Although DNS amplification attacks result in denial of service, they cannot be defended against in the same way as traditional DDoS attacks—for instance, by blocking specific source IP addresses—because the source traffic appears to be legitimate, coming from valid, publicly accessible DNS resolvers. (Blocking all traffic from open resolvers could potentially block some legitimate requests.) Organizations can, however, take steps to help defend against such attacks.

First, organizations should ensure that all clients—from servers to IoT devices—use local internal DNS servers that are configured to only handle DNS requests from within the organization. Ultimately, no DNS traffic should ever leave the organization’s network that hasn’t originated from these internal servers.

Many attacks, such as DDoS, are possible because enterprise firewalls allow traffic destined for the Internet to use spoofed source IP addresses. Normally, when sending traffic to another system, an internal (networked) device (laptop, printer, server, etc.) would have an internal source IP address, that is, one that matches that of the internal network. In the case of compromised devices, however, an attacker might send traffic using a public IP address as the spoofed source. Poorly configured perimeter firewalls can allow this traffic to pass to the Internet unchecked. Organizations should ensure that all traffic that originates from their network, bound for the Internet, has a source IP address that actually belongs to the internal network.

Any DNS responses that come into an organization’s networks should be destined for the DNS servers that handle outbound requests, and never to any other endpoints. That way, the organization can block any DNS responses that aren’t destined for those DNS servers. Using a DNS-aware firewall can help, too, by allowing only return traffic back into the network from requests that were actually sent to the organization’s own local DNS servers. In other words, there must be a matching DNS request for every response received, otherwise the traffic will be blocked.

Organizations can also use DNS Anycast, which distributes the volume of DNS traffic across servers in many locations, effectively load balancing DNS traffic so that no single server is ever overloaded.

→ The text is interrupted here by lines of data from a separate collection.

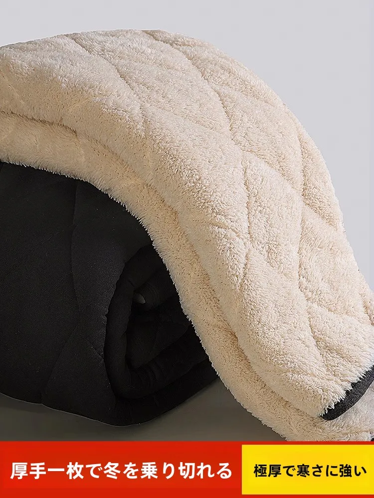 Men's Thiened Fce Lined Cotton Pants Warm Winter Trousers Extra Thi Loose High Waist Double Layered Lamb Velvet Pants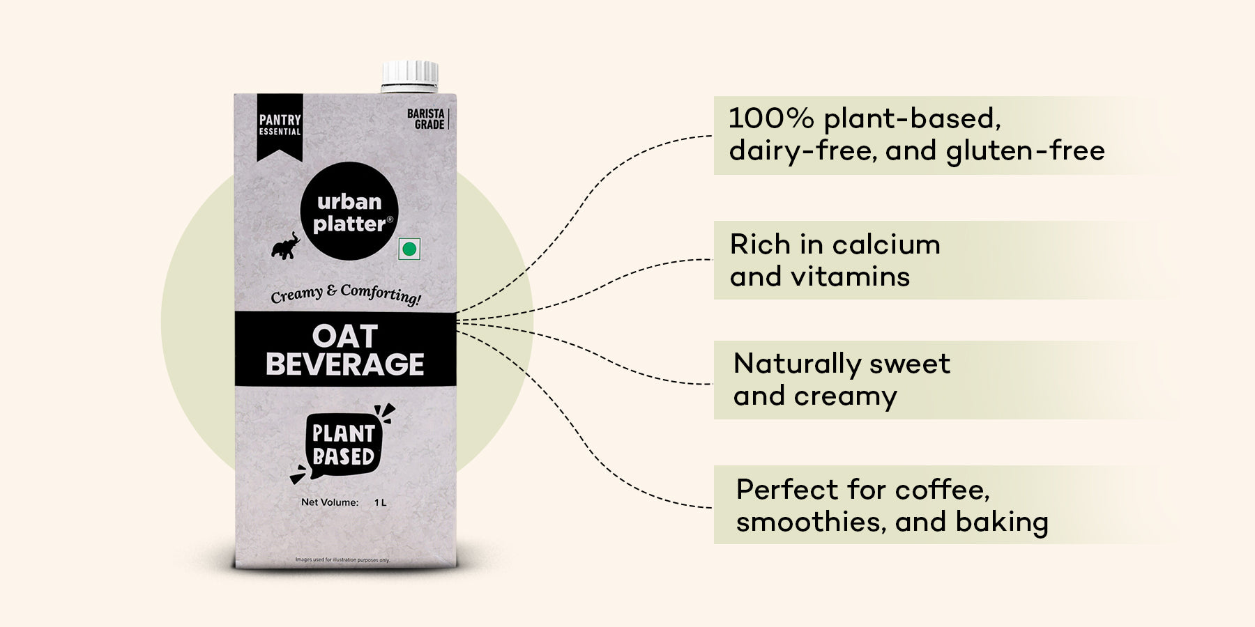 Urban Platter Oat Beverage, 1L (OatWOW | Plant Based | Barista Grade | Daily Pantry Essential | Creamy and Delicious)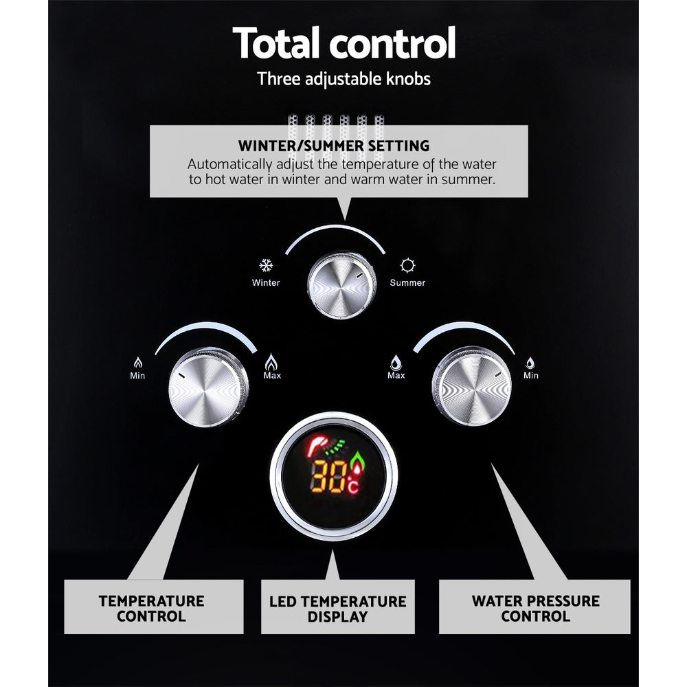 Easy to install, the water heater can heat up to 480L of water per hour at your preferred temperature setting conveniently shown on the LED display. No worries about getting accidentally scalded too as the heater has a built-in processor that sets the maximum water temperature at 50°C. Together with a host of other great safety features, the variable flow shower head is also designed to automatically ignite or turn off the burner by a simple on/off trigger.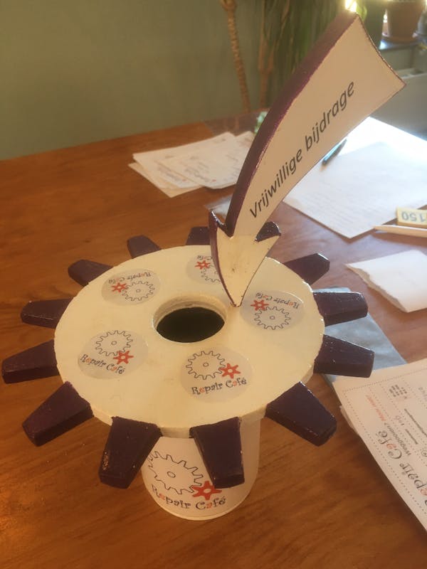 Bernadette staat bij de naaitafel, ze is aan het opruimen, ze heeft onder meer twee broeken ingekort. De reparatiespullen blijven bij BUUR, dat is voor de medewerkers ook fijn natuurlijk. Op iedere tafel staat een doos met een pijl voor een vrijwillige bijdrage. De opbrengst vandaag varieert tussen 20 eurocent en 20 euro. Vaak geven mensen wel zo’n twee euro. Ongeveer 24 mensen hebben vandaag iets laten repareren.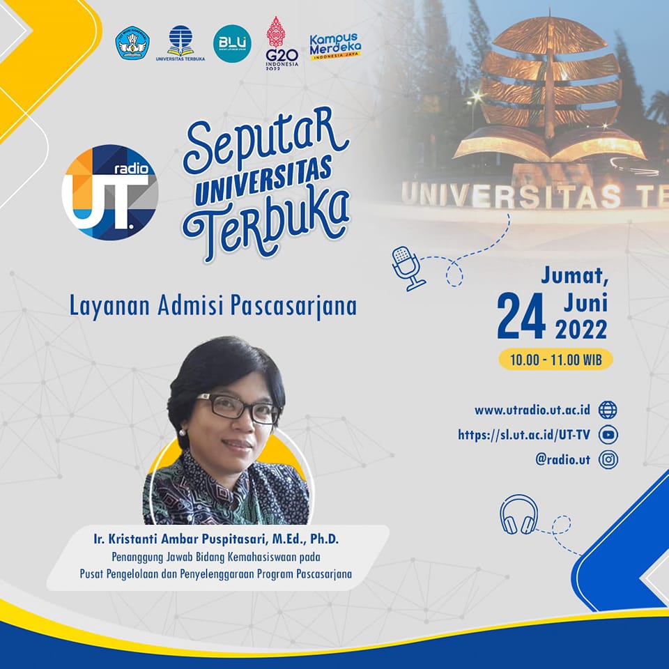 Juni 21, 2022Februari 10, 2026Agenda Tutorial Radio – Proses Pembelajaran di Pascasarjana Program : Seputar Universitas Terbuka Topik : Proses Pembelajaran di PPs Narasumber : Dr. Siti Julaeha, M.A. – Kepala Pusat Pengelolaan dan […] Baca selanjutnya
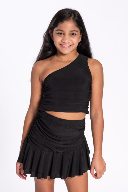 Girls Ruched One Shoulder Ruffle 2 Piece Dress Set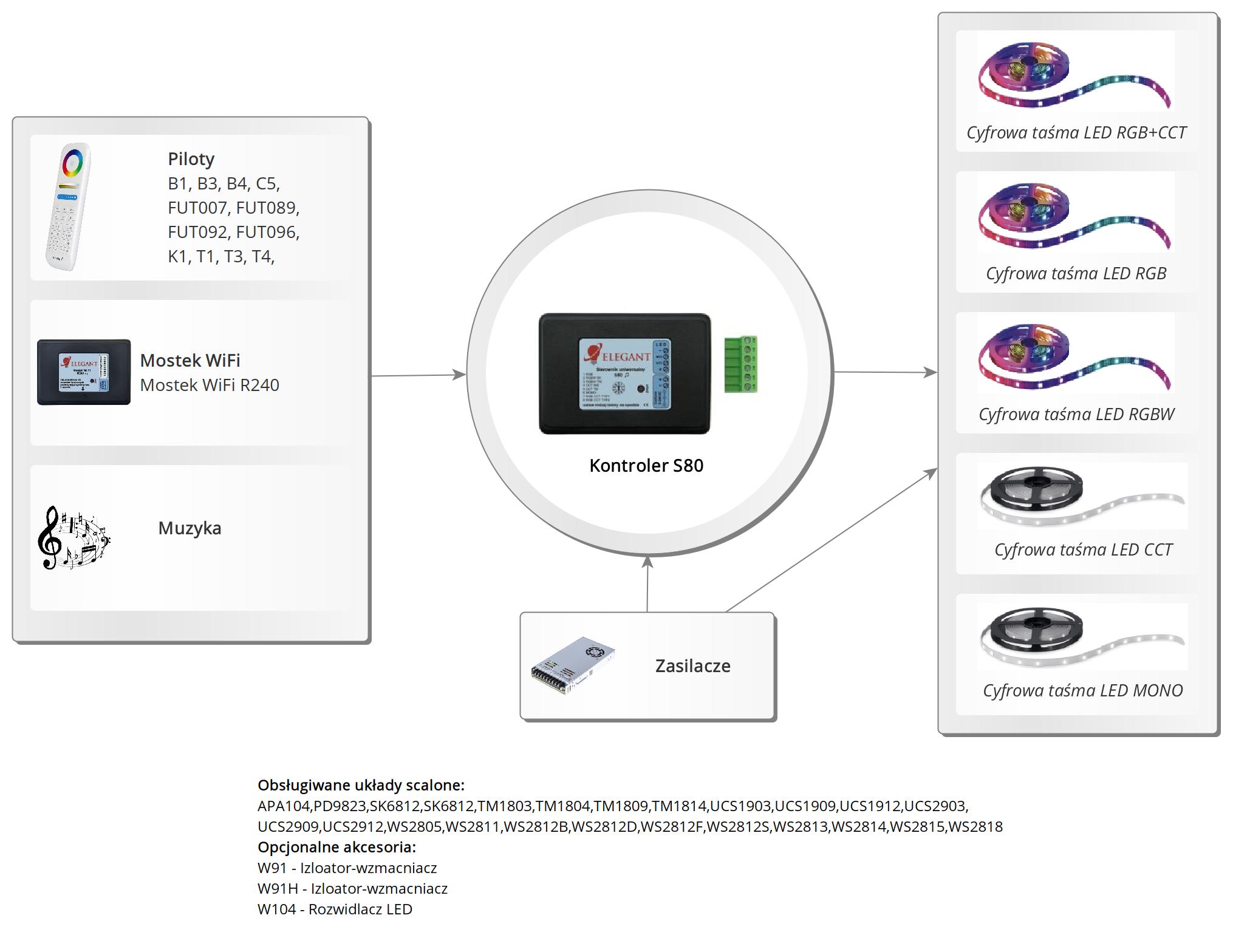 Sterownik LED S80 umożliwia sterowanie cyfrowymi taśmami (pikselami) LED z użyciem pilota radiowego lub mostka Wi-Fi R240. Sterownik posiada ponad 110 wbudowanych efektów oraz umożliwia obsługę stref (sterowanie jednym pilotem niezależnie wieloma odbiornikami). Dzięki wbudowanemu mikrofonowi reaguje na dźwięk, a dzięki obsłudze wszystkich popularnych układów scalonych taśm cyfrowych współpracuje z każdym rodzajem taśmy – RGB, RGBW, CCT, MONO oraz RGB+CCT.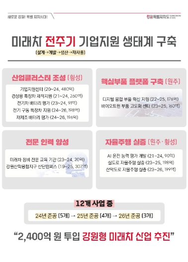강원형 미래차 산업은 4대 전략 총 12개 세부사업으로 24년 5개 사업 준공을 시작으로 26년까지 준공이 완료되면 설계 → 개발 → 생산 → 재사용까지 미래 차 전주기 기업지원 생태계가 구축된다.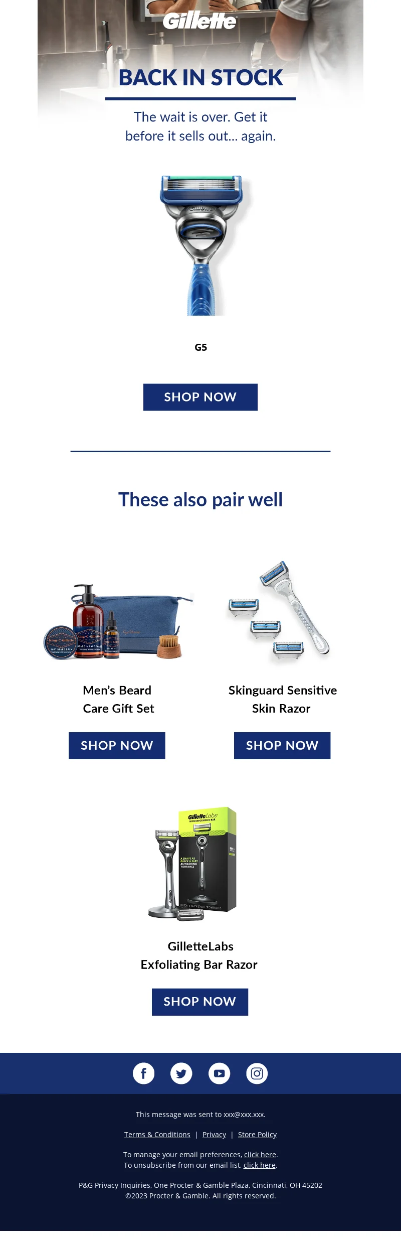 Back-in-stock. Highlight high-demand products are back in stock. Also, create a sense of urgency with "Grab them while you can!" language. Remind them that they signed up for these notifications.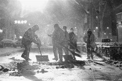 2月21日晚,山东省济南市普降大雪,气温骤降,在历山路附近,6名环卫工人组成一个班组在大雪中清扫积雪。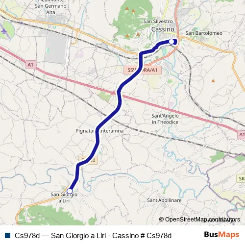 See why over 2 million users trust and consider busmaps.com as the best public transport website. busmaps gives you San Giorgio a Liri Buses suggested routes, real-time bus tracker, line route maps in San Giorgio a Liri, and helps to find the closest Cs978d bus stops near you. No internet available? Download an offline PDF map and bus schedule for the Cs978d bus to take on your trip.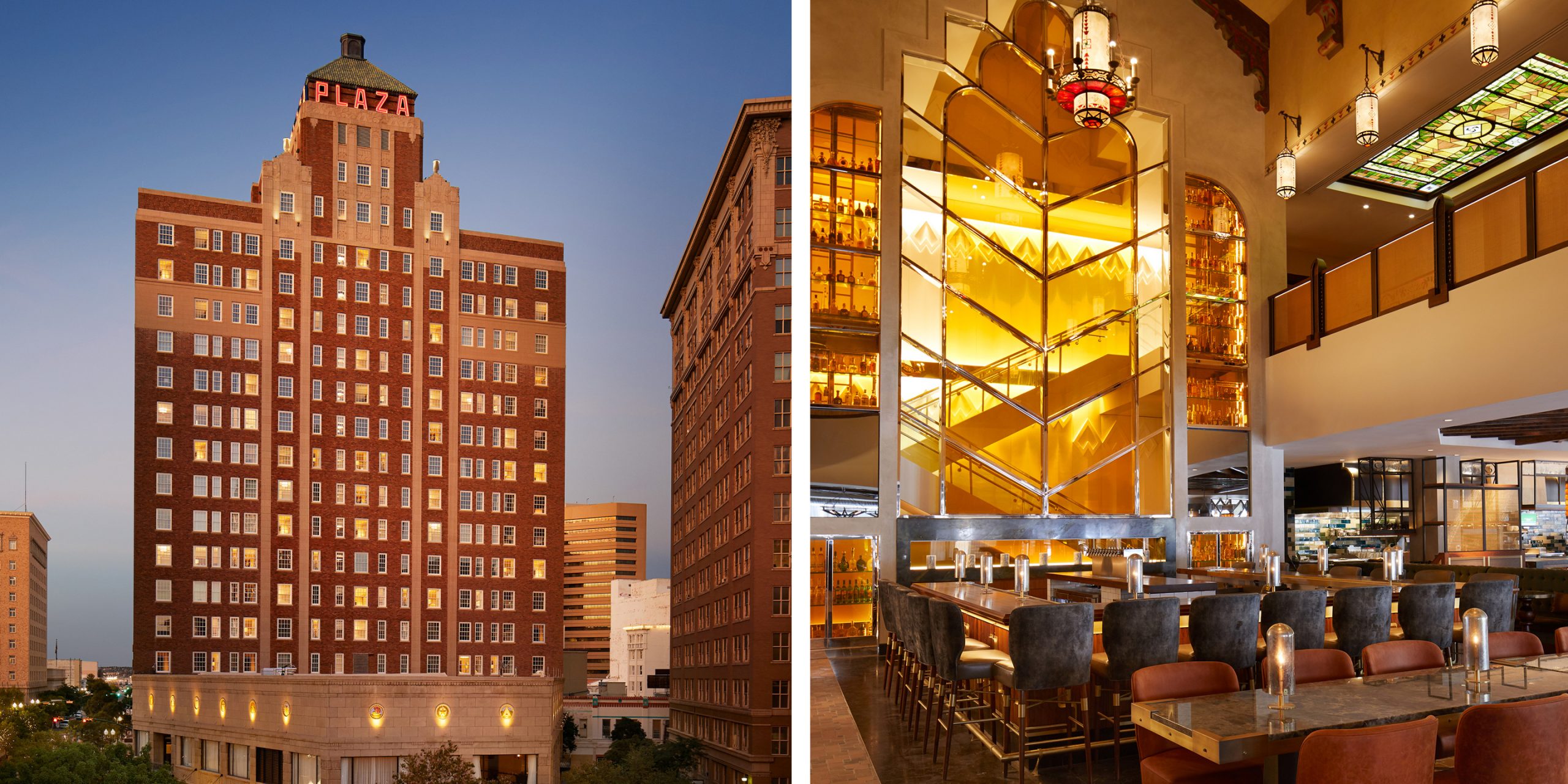 Despite several decades of renovations that undermined the original design, the team surgically intervened, where required, to honor the original spatial intent and detailing of the historic elements. The work included converting the penthouse suite into a rooftop bar and event space as well as reinstating the original double-height lobby atrium, capped in a mid-century era renovation, and bringing back the grand entrance at the heart of the building. The Plaza Hotel Pioneer Park is once again the social hub and heartbeat of downtown El Paso.
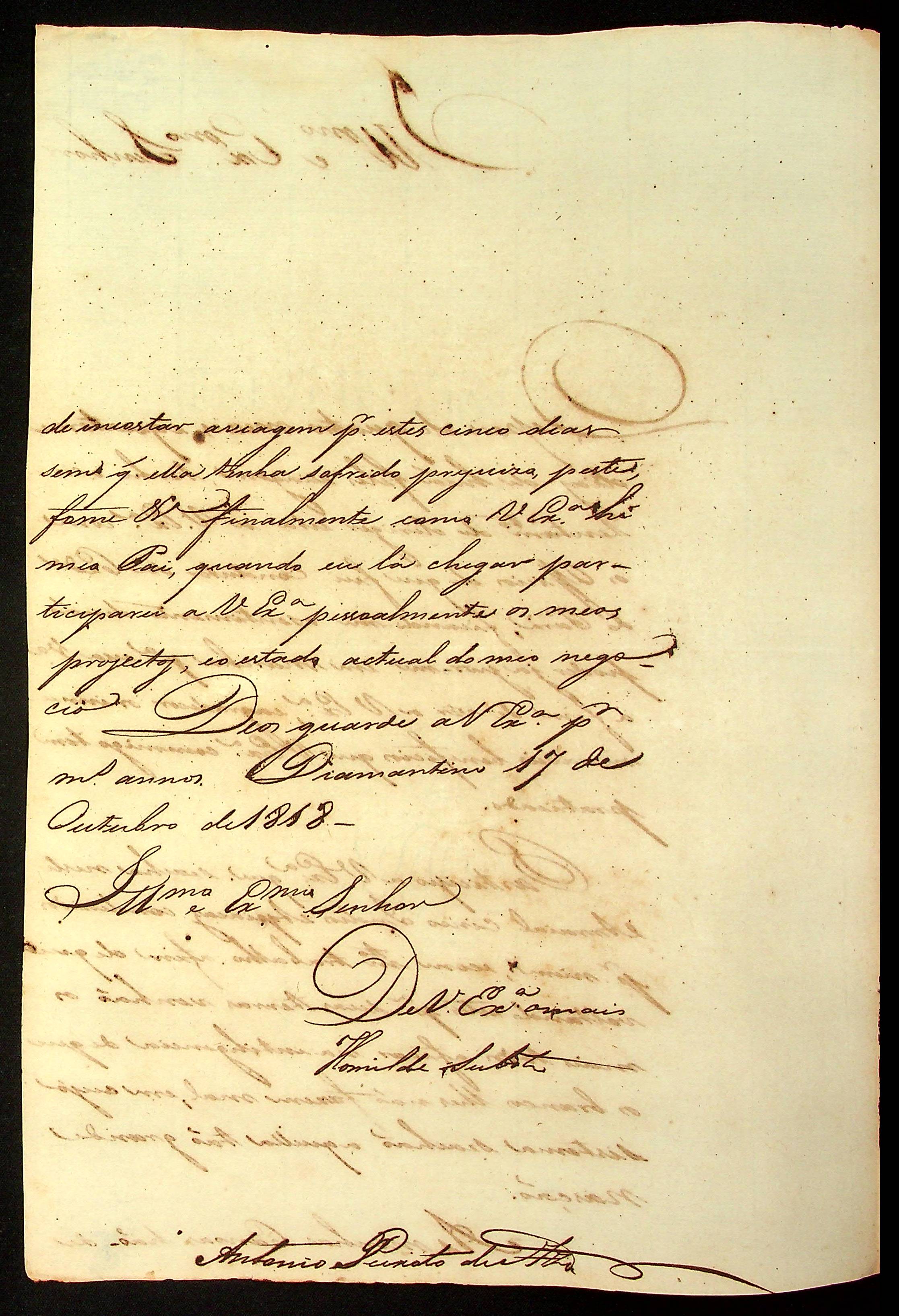 CARTA de Antônio Peixoto de Azevedo ao [Governador e Capitão-General da Capitania de Mato Grosso] João Carlos Augusto d’Oeynhausen e Gravenberg.

In addition to the above, if the amount of incoming traffic is saturating the network connection, organizations should work closely with their ISPs to block traffic upstream. While ISP solutions are often the cheapest, they are typically the least flexible. For that reason, many organizations choose to use a third-party DDoS protection (scrubbing) service, which increases the chances of an attack being stopped before it hits the organization’s network.